Our results also revealed a time-dependent correlation between ROS production and the induction of apoptosis in HeLa cells. For example, higher levels of ROS were present in RQ-treated samples than in control samples at 6 h post-treatment, reflecting early oxidative stress induction, which is known to trigger apoptosis. The data presented in Figure 2 indicate that the increase in apoptosis continues further in the RQ-treated group at 24 h postexposure; hence, the apoptotic action clearly occurred as a delayed response following initial ROS generation detected in the 6 h postexposure cell population.

3.4. Assessment of the Mitochondrial Membrane Potential (Δψm)

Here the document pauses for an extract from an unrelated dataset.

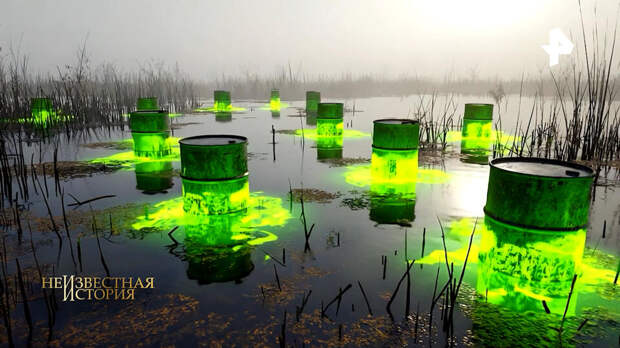 Кадр из программы "Неизвестная история", РЕН ТВ "Несмотря на то, что в воде концентрация загрязняющих веществ была незначительной, а вот донные отложения имели все загрязняющие вещества в значительном объеме, превышающие все мыслимые предельно допустимые концентрации", – сообщил Пинаев.

The effects of the combination of RQ and RQN on the Δψm of the mitochondrial membrane potential in HeLa cells were analyzed via Rhodamine 123 staining. Strong Rh123 fluorescence, indicating intact mitochondrial membrane potential, was observed in the control group. In contrast, a moderate decrease in fluorescence at 24, 48, and 72 h was induced by the combination of the drug RQ, resulting in gradual depolarization of the mitochondrial membrane potential. Notably, there was a greater decrease in Rh123 fluorescence, especially at 48 h, with the combination of RQN, reflecting a more pronounced disruption of the Δψm associated with enhanced mitochondrial depolarization (Figure 5).

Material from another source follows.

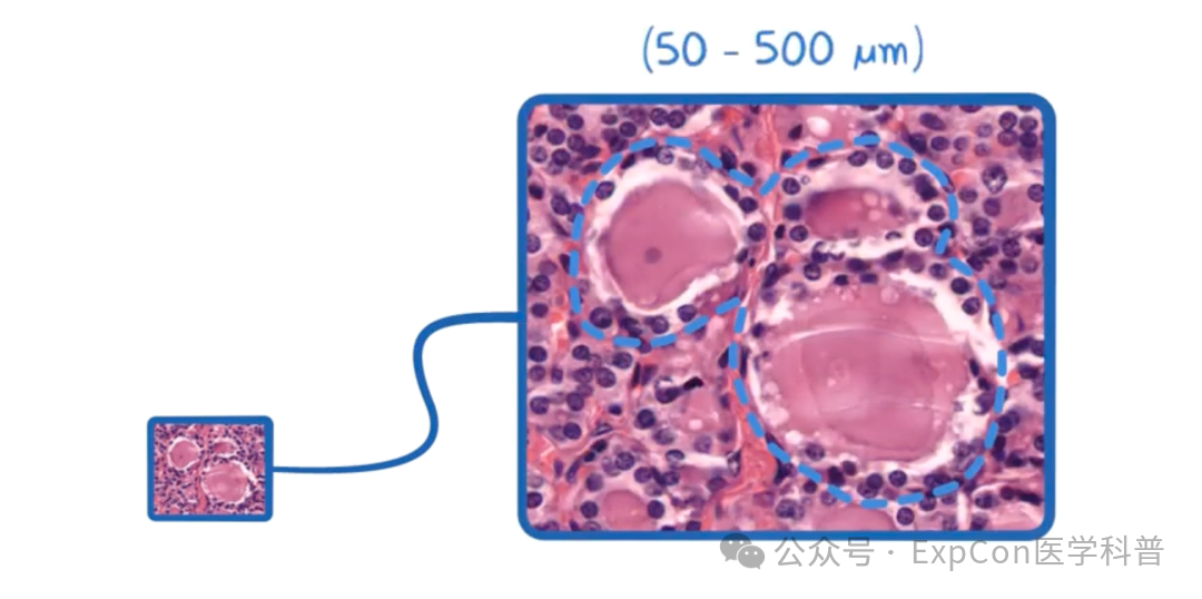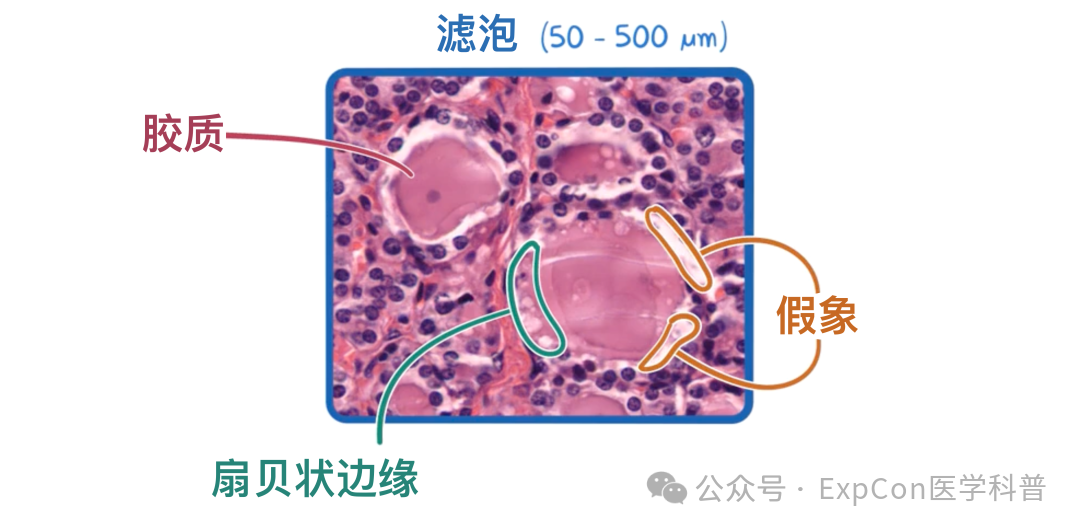 每个滤泡内部充满一种凝胶状物质,称为胶质,在HE染色下呈深粉色。胶质主要由甲状腺球蛋白和与胶质结合的甲状腺激素组成。

3.5. Inhibition of Cell Migration by RQ and RQN Treatment

The wound healing assay results suggested that, compared with the untreated control, the RQ and RQN treatments hindered the migratory properties of the HeLa cells. Among the control cells, the wounds were almost occluded at 48 h postscratch, indicating that the degree of cell migration was high. On the other hand, the RQ-treated cells migrated at a lower rate and thus showed only partial occlusion of the wound. Furthermore, compared with no treatment, RQN treatment reduced cell migration, with a notably larger residual wound area after 48 h. This finding was confirmed below, as the relative cell migration rates in the RQ and RQN groups were significantly lower than those in the control group at p < 0.05 (RQ) and p < 0.001 (RQN), respectively. The results revealed that under both treatments, while reducing cell migration, RQN had a much stronger inhibitory effect than RQ did (Figure 6).

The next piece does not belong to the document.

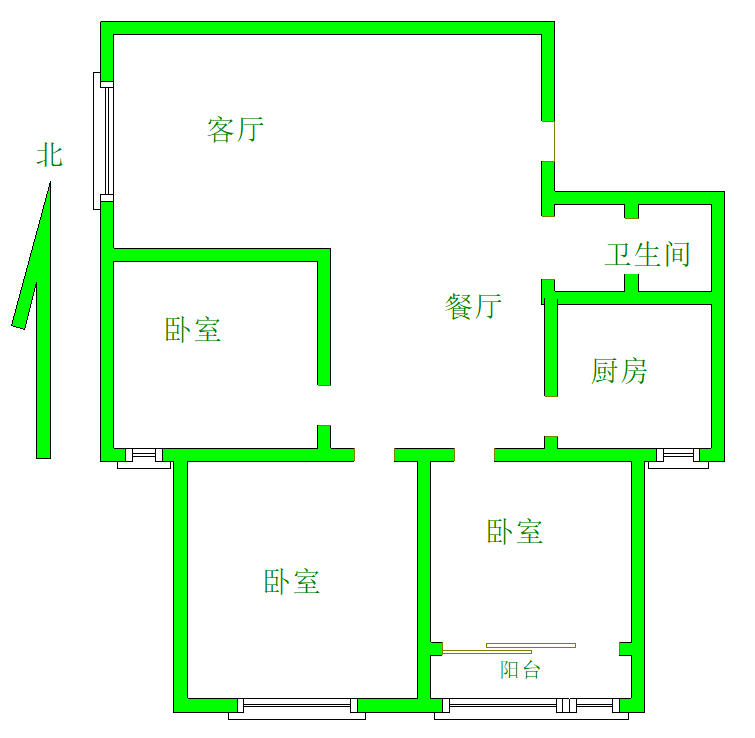 厅室3室2厅1卫1阳台

3.6. RQ and RQN Modulate Autophagy Through Differential Regulation of Beclin1, P62, and LC3

The expression of the autophagy markers Beclin1, P62, and LC3 was determined by Western blotting and real-time PCR in HeLa cells treated with RQ and RQN. Both the mRNA and protein levels of Beclin1 were significantly increased after the treatment of HeLa cells with RQN, specifically 24 h after the treatment. Beclin1 protein and mRNA levels were significantly greater in RQN-treated cells at 24 h than in RQ-treated and control cells, whereas at 72 h, the levels decreased. In contrast, Beclin1 expression was weakly affected by RQ at these time points. As shown in Figure 7, these results show that RQN transiently, but significantly, upregulates Beclin1, which reflects increased autophagic activity in the early phase after treatment. The protein levels of the autophagy-related protein P62 and the mRNA expression of LC3 were examined in HeLa cells treated for 24, 48, and 72 h with either RQ or RQN. Western blot analysis revealed that P62 protein expression in both the RQ and RQN groups was significantly lower than that in the control group, with the most pronounced effect occurring at 24 h (p < 0.0001) (Figures 8(a) and 8(b)). RT-PCR data revealed consistent downregulation of P62 mRNA levels in RQ- and RQN-treated cells at all the considered times, although RQN alone transiently upregulated P62 expression at 72 h (p < 0.05) (Figure 8(c)). LC3 mRNA expression was highly upregulated in both RQ- and RQN-treated cells, which is characteristic of the induction of autophagy, compared with the control. RQN caused a greater increase in LC3 expression at 24 and 48 h, indicating its stronger autophagic effect (p < 0.0001) (Figure 8(d)). These results suggest that RQ and RQN modulate autophagy through the upregulation of Beclin1 protein expression, the expression of LC3, and the downregulation of P62 protein expression. RQN resulted in a greater and more sustained increase in autophagic activity.